Mariam Kaberuka, the Luweero Deputy Resident District Commissioner, said that they can’t do much to stop the environmental degradation because some violators possess permits from NEMA. Kaberuka tasked NEMA to explain how investors and other individuals acquire permits in wetlands yet the resource cover is on the decline.
Erastus Kibirango, the LC 5 Chairperson of Luweero district asked the government agencies to stop organizing celebrations but put much emphasis on enforcing environmental laws. Kibirango said that over 7,000 people have settled in Lwajaali wetland in Luweero district but the technical people can’t evict them due to the lack of resources. Kibirango added that there is no goodwill from other agencies to evict the encroachers making environment conservation a mere talk at functions.
Robert Ssekitoleko, the Bamunanika County Member of Parliament, said that although President Yoweri Museveni pronounced himself on environmental degradation, he has not acted against the violators as he does when it comes to other threats.
Alfred Okidi, the Permanent Secretary, Ministry of Water and Environment, says that although World Environment Day has been celebrated since 1973, the country is in a worse situation compared to back then, adding that there is a need to make things happen differently.
Okidi asked the local leaders to stop the blame game and get involved by passing environmental ordinances in districts and stop condoning people who degrade the environment within communities. Okidi also warned Chief Administrative Officers and Sub-county chiefs that they may lose their jobs if they don’t conserve the environment.
Elsie Attafuah, the Resident Representative of the United Nations Development Programme, who represented the United Nations Resident Coordinator in Uganda, said the World is facing a climate change crisis, saying there is need to go into the emergence mode so as to fight against environmental degradation.

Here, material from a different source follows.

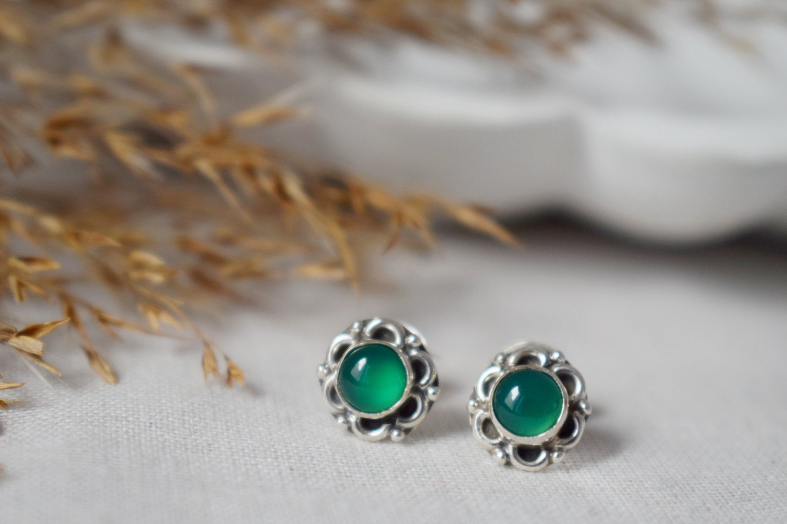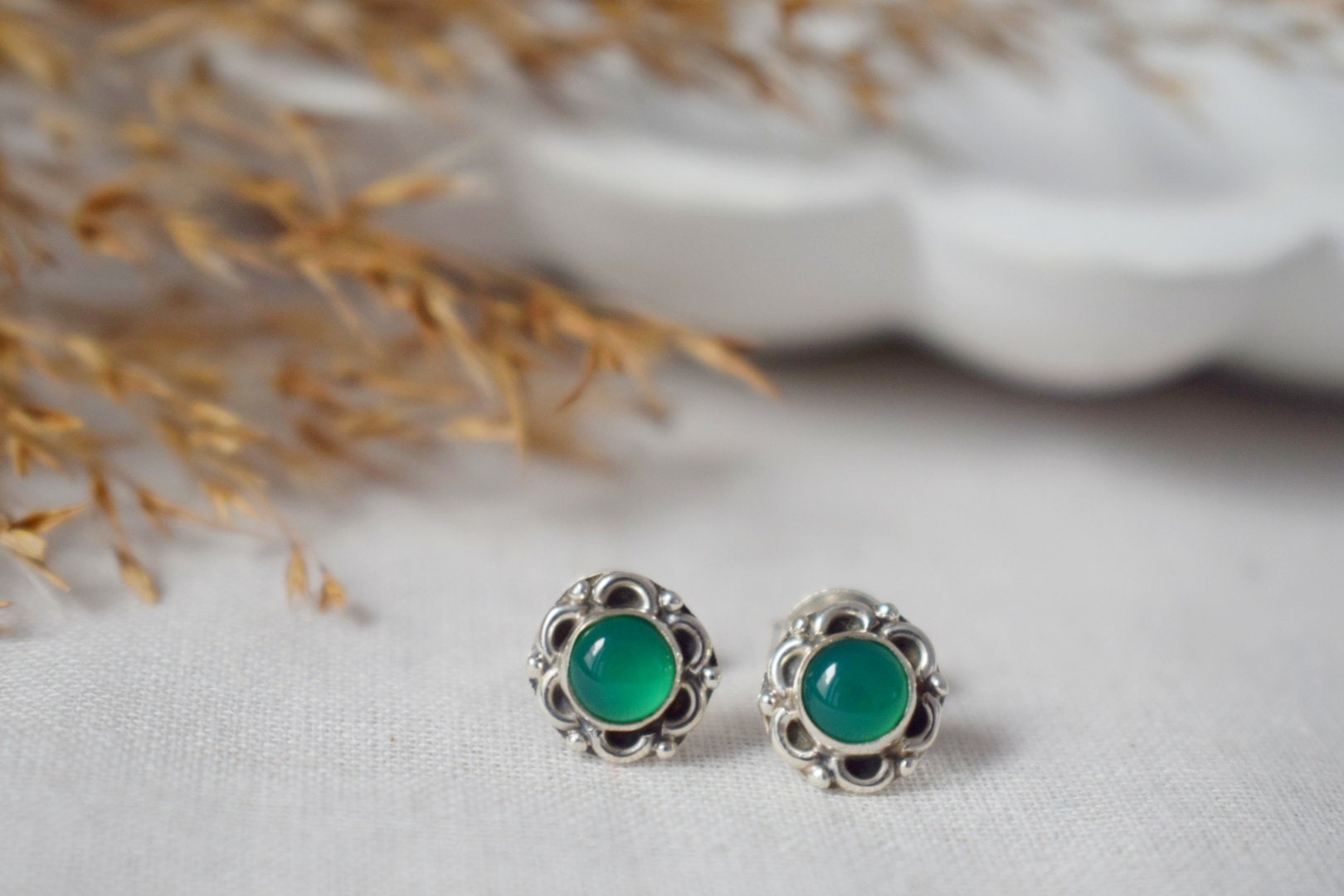 Muttertagsgeschenke, Grüne Onyx Ohrstecker, Edelstein Sterling Silber Minimalistischer Schmuck, Blume Kleine Geburtsstein Push Back Ohrringe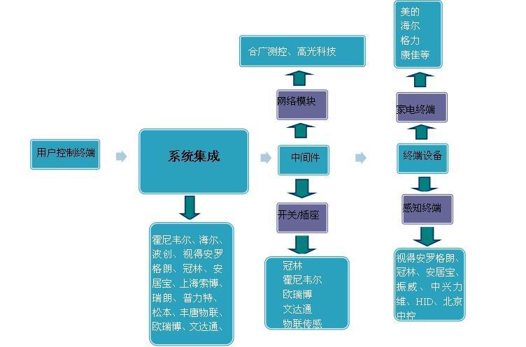 解讀:從圖中可以看出,智能家居系統(tǒng)包含的面很廣,因此和其產(chǎn)業(yè)相關(guān)的各路企業(yè)紛紛加大力度擴(kuò)展智能家居業(yè)務(wù)意欲從中分得一部分市場(chǎng)。目前除了上海索博、波創(chuàng)、瑞訊科技、普力特、超享智能等傳統(tǒng)智能家居廠家之外,市場(chǎng)上還有多種類(lèi)型的競(jìng)爭(zhēng)主體:

Attafuah said that environmental issues are seen as peripherals but they should be treated as core because a number of sectors are dependent on them. She asked the government to allocate enough funds to the environment and the Private sector to stop treating environmental programs as corporate social responsibility events.
The State Minister For Water Aisha Ssekindi said that although they have the power to act, some government officials don’t enforce environmental laws because they fear losing their jobs and votes. Ssekindi said that the President’s directive is clear that anybody who encroaches on a wetland and other natural resources should be evicted even if they are his relatives.